Her laugh is a warm breeze. “Yes, actually. I’ve been up since yesterday. Coffee sounds really good.”
I hand Rachel the full mug and replace it under the coffeemaker with another while she tells me about growing up with Sam. How they were each other’s closest confidants. How their parents were always anxious about their children’s insatiable wanderlust. She tells the kind of stories you’d share at the funeral of someone very old, where guests are capable of celebrating a loved one’s long, full life, rather than dwelling on the unfairness of a shortened existence in a numb stupor. It’s as lovely for me as it is cathartic for her.
“They loved us, but they didn’t get us. I knew I was never going to please them, so I figured why not drop out of college and become a flight attendant—travel the world as much as I could. Sam couldn’t disappoint them like that. He didn’t move out with me, even though we talked about it all the time. He lived in their condo and tried to be both people, but he just felt so guilty that he didn’t crave the settled life they wanted for him. That’s why I wanted you to go along with it, so he’d get to be both people. I didn’t realize it would feel like I was the only one mourning the real Sam. They were so fixated on the guy he wanted them to see and not the amazing person he actually was.”

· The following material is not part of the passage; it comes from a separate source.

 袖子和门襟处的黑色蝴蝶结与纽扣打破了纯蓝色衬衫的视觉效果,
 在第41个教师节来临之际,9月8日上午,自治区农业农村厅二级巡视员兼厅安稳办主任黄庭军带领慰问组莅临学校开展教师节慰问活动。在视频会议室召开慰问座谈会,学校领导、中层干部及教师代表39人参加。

“That must’ve been really lonely. I’m sorry I bolted as soon as it all came out.”
“No, that part was actually really great. Everyone left, and we were finally able to have a real conversation. It was…nice—healing, even. We’ve been seeing a family counselor over Zoom and working through it all together. I’m not sure we would’ve gotten there without all of this nonsense.”

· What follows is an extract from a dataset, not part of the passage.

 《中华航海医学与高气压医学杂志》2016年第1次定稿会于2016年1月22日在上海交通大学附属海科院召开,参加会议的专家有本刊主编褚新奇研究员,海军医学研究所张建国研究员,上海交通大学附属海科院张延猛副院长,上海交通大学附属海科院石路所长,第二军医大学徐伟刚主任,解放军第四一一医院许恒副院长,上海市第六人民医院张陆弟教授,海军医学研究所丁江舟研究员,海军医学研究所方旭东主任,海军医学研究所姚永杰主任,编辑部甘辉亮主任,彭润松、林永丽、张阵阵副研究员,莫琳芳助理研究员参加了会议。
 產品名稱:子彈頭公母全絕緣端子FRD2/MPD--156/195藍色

A sad laugh tumbles from my throat. “I’m glad my mess accomplished something.”
“They know I asked you to do it. They don’t blame you.”
I press my forehead into my hand and feel my energy drain into the floor. “I’m not sure it was all so selfless. Sam dumped me because he realized I wasn’t the person I wanted him to think I was. Through all of this, a part of me got to pretend a little longer. Now I’m just me again. And that might not be so bad, but ‘me’ is…sad, I think.”
She lifts her mug, a small smile teasing the edges of her lips. “Welcome to the Sad and Lonely Club. Thrilled to have you.”
I take a restorative sip and—against all odds—feel a little happy to be just me. “Thrilled to be here.”